Task to carry out:
Excluding pictures, what does the listing below contain from the line with "(MI005) Letter of" up to and including the line with "Hacemos lo mismo", word for word?

Material to process:

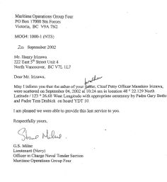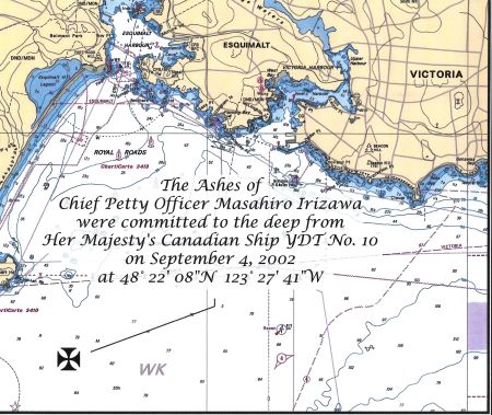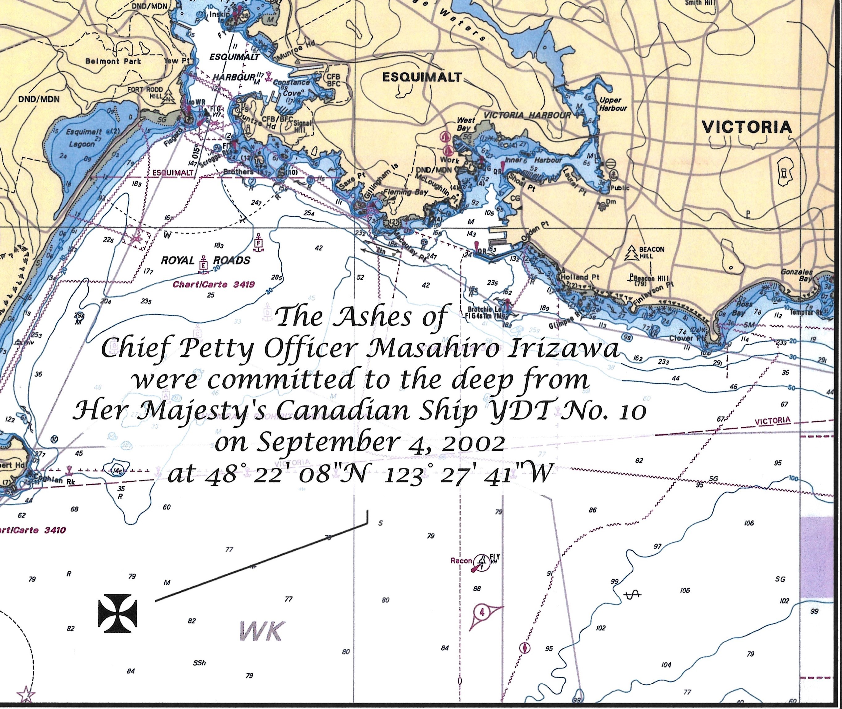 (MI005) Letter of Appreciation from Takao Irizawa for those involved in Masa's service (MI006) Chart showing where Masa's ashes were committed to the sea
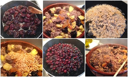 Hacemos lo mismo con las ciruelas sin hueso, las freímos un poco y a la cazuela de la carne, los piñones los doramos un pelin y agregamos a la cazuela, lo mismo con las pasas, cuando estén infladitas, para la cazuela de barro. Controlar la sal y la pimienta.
* * *
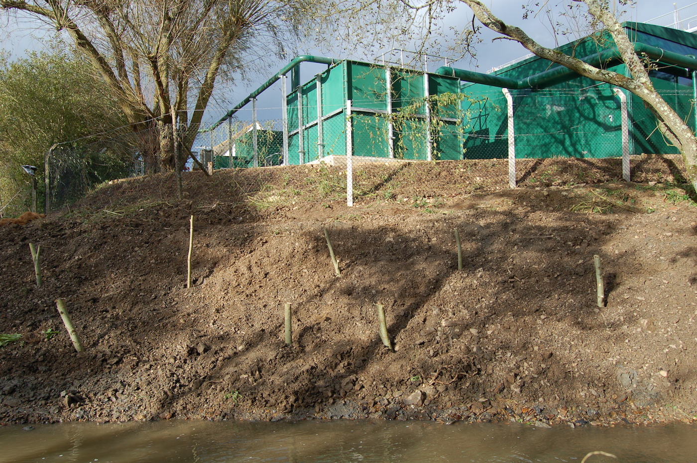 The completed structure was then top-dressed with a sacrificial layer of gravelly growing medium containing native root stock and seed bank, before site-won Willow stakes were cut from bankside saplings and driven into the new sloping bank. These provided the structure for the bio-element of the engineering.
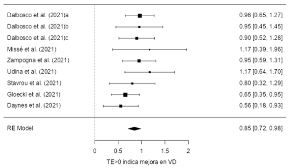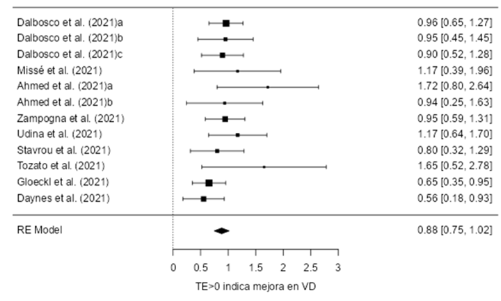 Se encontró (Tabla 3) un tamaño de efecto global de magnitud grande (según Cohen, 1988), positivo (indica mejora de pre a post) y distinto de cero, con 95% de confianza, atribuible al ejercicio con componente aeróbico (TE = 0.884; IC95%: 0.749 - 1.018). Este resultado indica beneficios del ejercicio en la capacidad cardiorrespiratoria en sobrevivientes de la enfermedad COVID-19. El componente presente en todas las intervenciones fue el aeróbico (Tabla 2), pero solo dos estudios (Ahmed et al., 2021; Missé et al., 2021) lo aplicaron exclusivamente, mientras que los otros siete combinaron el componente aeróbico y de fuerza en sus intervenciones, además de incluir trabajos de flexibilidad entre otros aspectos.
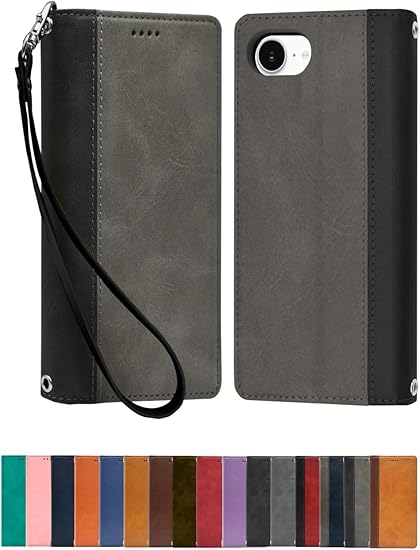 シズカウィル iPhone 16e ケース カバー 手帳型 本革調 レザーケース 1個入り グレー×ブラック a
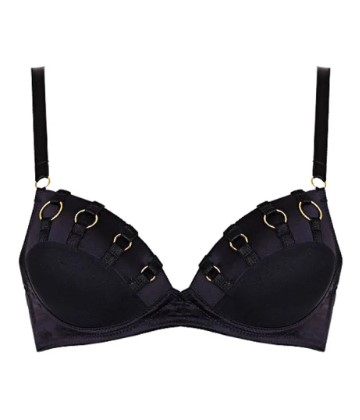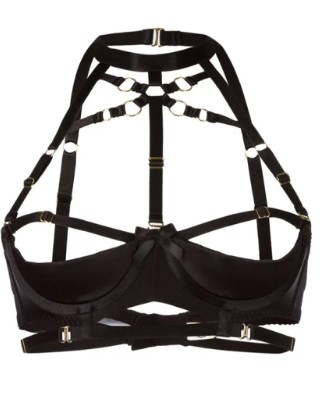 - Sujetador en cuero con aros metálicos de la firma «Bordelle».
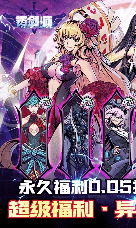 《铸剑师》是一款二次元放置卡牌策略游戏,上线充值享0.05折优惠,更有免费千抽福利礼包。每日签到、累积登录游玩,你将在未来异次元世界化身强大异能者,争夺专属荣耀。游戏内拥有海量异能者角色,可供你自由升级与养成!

Solution for this problem:
 (MI005) Letter of Appreciation from Takao Irizawa for those involved in Masa's service (MI006) Chart showing where Masa's ashes were committed to the sea
 Hacemos lo mismo con las ciruelas sin hueso, las freímos un poco y a la cazuela de la carne, los piñones los doramos un pelin y agregamos a la cazuela, lo mismo con las pasas, cuando estén infladitas, para la cazuela de barro. Controlar la sal y la pimienta.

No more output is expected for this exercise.